To My Grand Pals, Edison, Winston and Lucie,
Since you are all little right now, you probably won't be reading this until you get a lot older. And by then, I'm guessing that things like video streaming and the internet have been replaced by something even more advanced and mind boggling. If that's the case, then this post about the last Blockbuster in the world that I just saw on my road trip to Bend, Oregon will be really ancient history to you. But since it represents something that was very important to your parents and grandparents, I thought I should tell you a little bit about it.
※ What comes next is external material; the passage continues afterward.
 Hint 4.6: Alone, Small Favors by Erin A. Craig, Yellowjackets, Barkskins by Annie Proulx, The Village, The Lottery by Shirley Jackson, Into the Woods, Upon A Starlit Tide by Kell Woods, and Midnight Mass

Blockbuster video was started in 1985, just a few months after your Mom was born. By 2004, it grew to over 9000 stores worldwide and employed over 84, 000 people. What made this unprecedented growth possible was that Blockbuster offered something brand new for many of us - a place where we could drive to and pick from a great selection of top rated movies on video cassette to rent for the night. And by the way, your Mom's favorite video cassette was a movie called E.T.. She must have watched it at least a hundred times and made me watch it with her almost as many.
Now if you are wondering what a "video cassette" is, I'll give you a little background. Video tape was a digital format recording on a magnetic tape, which incidentally was the first time in history that we could see something immediately that had just happened. A company named Sony introduced the first video cassettes in 1969, which was the same year a concert called Woodstock was held in upstate New York. The video cassette movies weren't always smooth and sometime's the tape would break or unspool. But we were so excited about the fact that we could have a movie play on the bulky home machines we bought, we gladly put up with it.
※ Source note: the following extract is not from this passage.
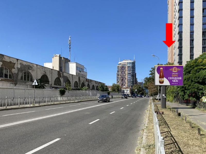 Оренда рекламного щита в м. Київ. Напрямок руху — центру. Сторона A. Підходить для іміджевої та навігаційної реклами. Код: Ki0519.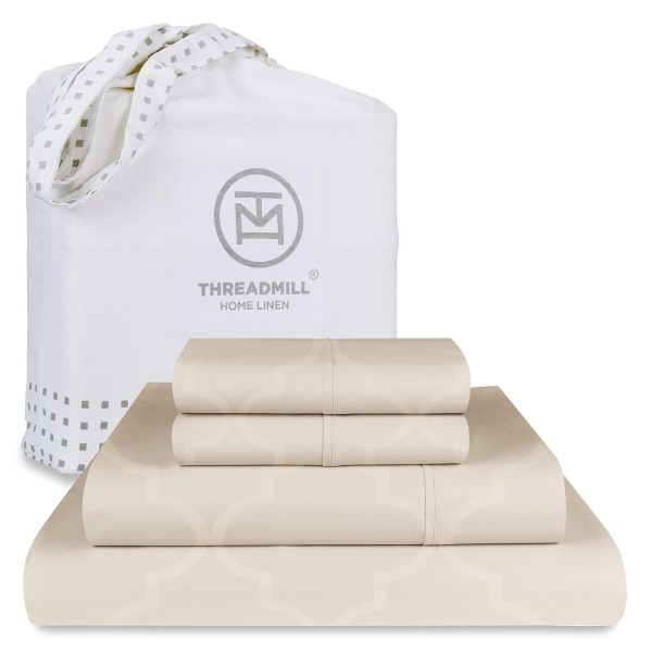 Threadmill Cotton Full Size Sheet Set | 100% Cotton Sheets for Full Size Bed | Damask Jacquard Full Bed Sheets Set with 16” Deep Pocket | Soft Sateen Weave 4-Piece Cooling Bedding Set | Beige

With the rapid advances in technology, video cassettes were soon replaced by round metallic digital optional storage units called DVDs. Blockbuster began carrying them too, but many of us were weary of them. Eventually, we all caved in and bought home devices called DVD players that could play them. However, in 1997 a company named Netflix began doing what most of us thought was impossible - streaming movies on demand right to our homes over the internet. And once that caught on, the days of Blockbuster were numbered.
So with all that said, here's what Blockbuster did that made such an impact on us. For the first time ever, we could go down to our local store and rent a movie that we'd heard about for months. If we had cute little ones - like you three are right now - we could make some popcorn and watch the movie or cartoon as a family. And if Mom and Dad managed to stay up later, they too could enjoy a movie they might never get to see. So it was a great way to spend family time together.
In closing, I hope that whenever you are reading this that we still have those treasured moments to share in life together, no matter how technology brings them to us. Because in the end, it isn't about entertainment, it's about love.